Трудная зима была на исходе. 5 марта в Москву въехал государь всея Руси. За ним везли вечевой колокол. «И привезен бысть, и вознесли его на колоколницю на площади и с прочими колоколы звонити».

«До зде все сконцашася о Великом Новегороде», — пишет псковский современник событий.

Кончилась боярская республика на Волхове, а вместе с ней — старая удельная Русь. В судьбах Новгорода, в судьбах нашего Отечества был пройден важный рубеж. Наступило единство Русской земли под знаменем Москвы. В грядущий XVI век Русь вступала могучим государством, сбросившим оковы ордынского ига. Новгородский колокол на площади Московского Кремля, колокола Твери и Ярославля, Рязани и Суздаля, Нижнего Новгорода и Переяславля дружно отбивали отныне новое время.

«Река времен в своем стремлении уносит все дела людей...» Прах автора этих строк, одного из величайших русских поэтов покоится в новгородском Детинце. 11сподалску от нею возвышается памятник Тысячелетия России. Фигуры деятелей прошлого безмолвно застыли друг подле друга. Отшумели вековые споры.


Памятник Тысячелетия России


События былых времен живут в памяти потомков в дымке романтического ореола. Но прошлое не нуждается в апологии. Истина, историческая действительность, богаче и ярче, суровее и сложнее, чем любое представление о ней.

С конца XVIII века русские романтики —и консервативные, и революционные, за исключением, пожалуй, одного только Белинского,— почти неизменно тосковали о новгородской «свободе».

Нет, не был боярский Новгород, даже в лучшие свои времена, цитаделью «свободы». Общественный строй архаической феодальной республики, богатевшей от продажи собольих шкурок далеконе был идиллией. Закономерный, необходимый этап развития Русской земли, он нес в себе и свое оправдание, и свой приговор. Выполнив свою историческую миссию, он с необходимостью должен был уступить место другой форме политического бытия, способной решить новые насущные задачи — объединить Русскую землю и отстоять ее независимость.

Деятели прошлого — не символы добра и зла, а живые люди, наделенные общечеловеческими пороками и добродетелями и реальными приметами своей эпохи. Упрямая старуха Марфа Борецкая, стремившаяся передать Новгород под власть Литвы, мало похожа на романтическую героиню Карамзина.

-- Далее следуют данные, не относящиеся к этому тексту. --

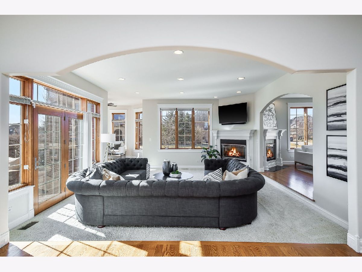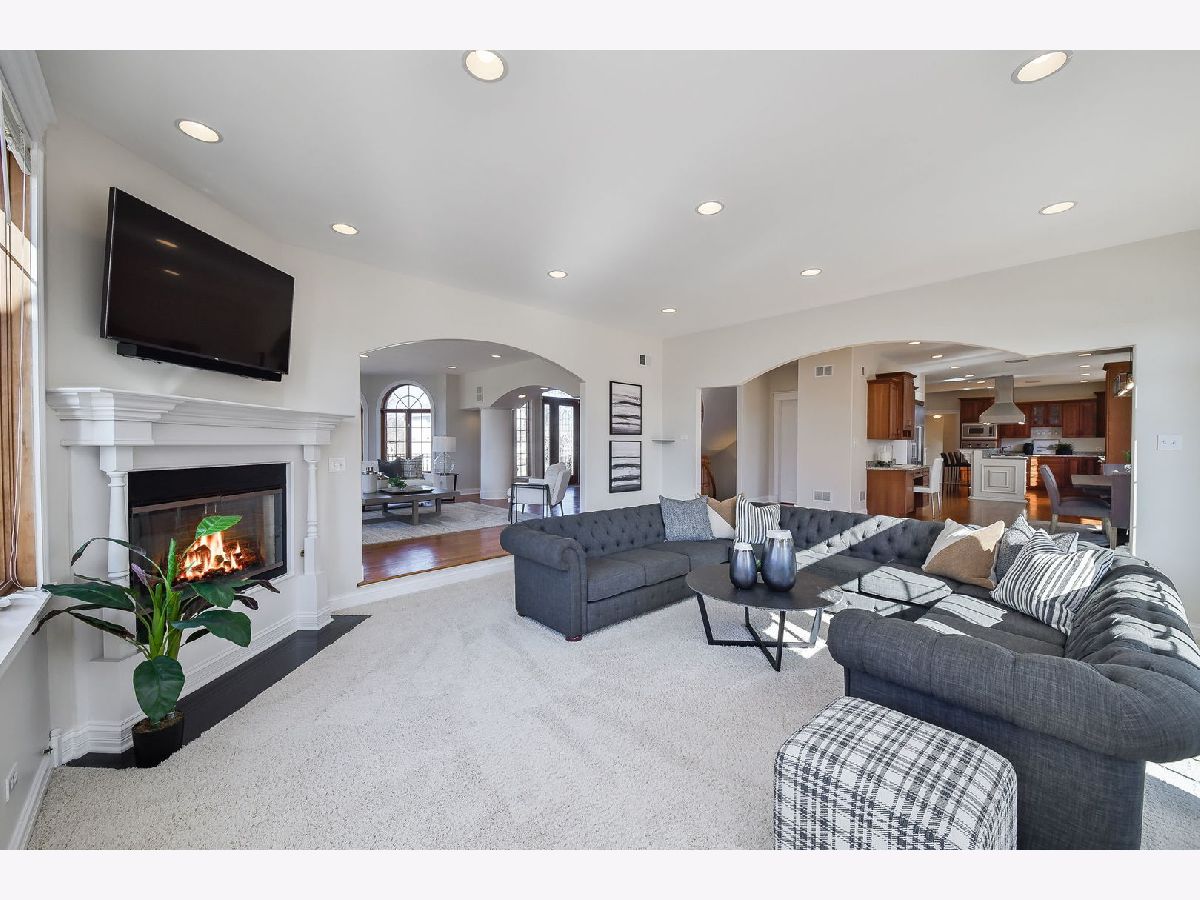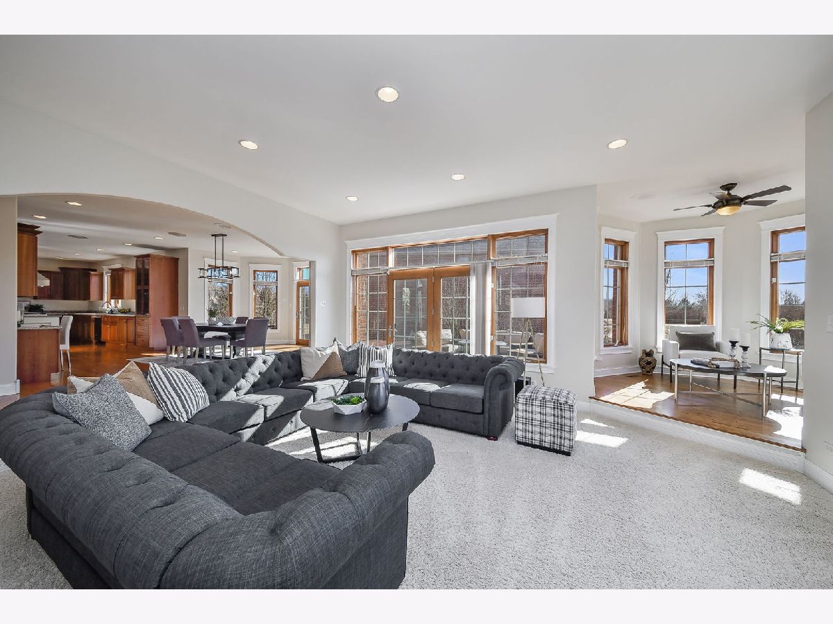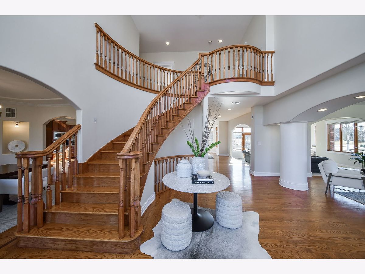Fabulous luxury estate offering over 7800 SF of finished living space, perfectly designed for EXTENDED FAMILY LIVING and entertaining. With FIVE TRUE BEDROOMS (two ensuites & Jack & Jill) and four full baths on the second floor, there is ample room to accommodate a crowd. Ideally located near the historic downtown area, just minutes from Rt. 59, I-55, and two easily accessible Metra stations, entitled to Plainfield Community Services. A grand brick-paver walkway welcomes you to this stunning, east-west-facing, all-brick home within the highly acclaimed Plainfield North High School 202 SD boundary. Impeccably maintained, it showcases SUPERIOR CONSTRUCTION and elegant appointments, with architectural details that set it apart: soaring 9'-21' ceilings, two turrets, multiple balconies and porches, arched entries, curved staircases, and FIVE FIREPLACES. Thoughtfully placed custom windows bathe the interior in natural light, flowing through the cut-glass front door into the two-story foyer, formal living room, and dining room, which features a new chandelier and exhibit lighting. The spectacular chef's kitchen is fully outfitted with VIKING PROFESSIONAL APPLIANCES custom cabinetry, a walk-in pantry, and a large island with an eat-in nook that opens seamlessly to the family room. A spacious MAIN FLOOR OFFICE WITH PRIVATE ENTRANCE provides added convenience. The three-car garage, with 13-foot ceilings, connects to an expansive, textured driveway, ideal for outdoor play or guest parking. Upstairs, the LUXURIOUS PRIMARY RETREAT, complete with a spa-like bath, a two-sided fireplace, and a PRIVATE BALCONY, perfect for enjoying morning coffee. The second-floor laundry room provides ample storage and versatile space for school projects or personal hobbies. Two staircases lead to the fully finished walk-out basement, an entertainer's dream featuring a kitchenette, media room, gym, full bath and recreation area. Outdoor living is equally impressive on the .36-acre lot, with a custom brick-paver walkway connecting terraces, a patio, and a composite deck, all designed for minimal maintenance. This home could not be built today at this price with its size, features, and finishes. A must-see home that exceeds expectations! NEW ROOF, NEW FURNACE.

Первый государь всея Руси, мудрый прагматик, одержавший верх в борьбе с новгородскими боярами, был сыном своего сурового времени, а не сентиментального XVIII века. Как и его ранний современник Людовик XI Французский, он прозаическими средствами делал прозаическое, но жизненно необходимое дело.

История имеет свои законы. Каждое время отвечает только на свои вопросы, решает только те задачи, которые реально стоят перед ним. На исходе средних веков повсюду в Европе муниципальные вольности и феодальные иммунитеты уступали место централизации государственной власти. Иного пути в будущее не было ни для Англии, ни для Франции, ни для России. Этот путь далеко не был усыпан розами, но в исторической действительности он был единственно возможным. Германия и Италия, истерзанные феодальными войнами и истоптанные сапогами наемных ландскнехтов, долгими веками являли печальный памятник затянувшейся раздробленности.

Нет, не был, не стал, и не мог стать феодальный Новгород «колыбелью русской вольности». От боярской республики до «свободы», о которой мечтали декабристы, было ох как далеко. Русская демократия, как и западноевропейская, рождалась не из феодальной анархии и не из магнатских привилегий.

Великий Новгород не надо приукрашивать. Он и так имеет завидную историческую судьбу. Ярким светом горит его образ в памяти нашего Отечества. Суровые лики новгородских икон, строгая простота храмов... Века шумных вечевых споров, века славных деяний воинов, купцов, мореходов... Нет без них России, нет без них русского человека, нет без них прошлого нашей великой страны.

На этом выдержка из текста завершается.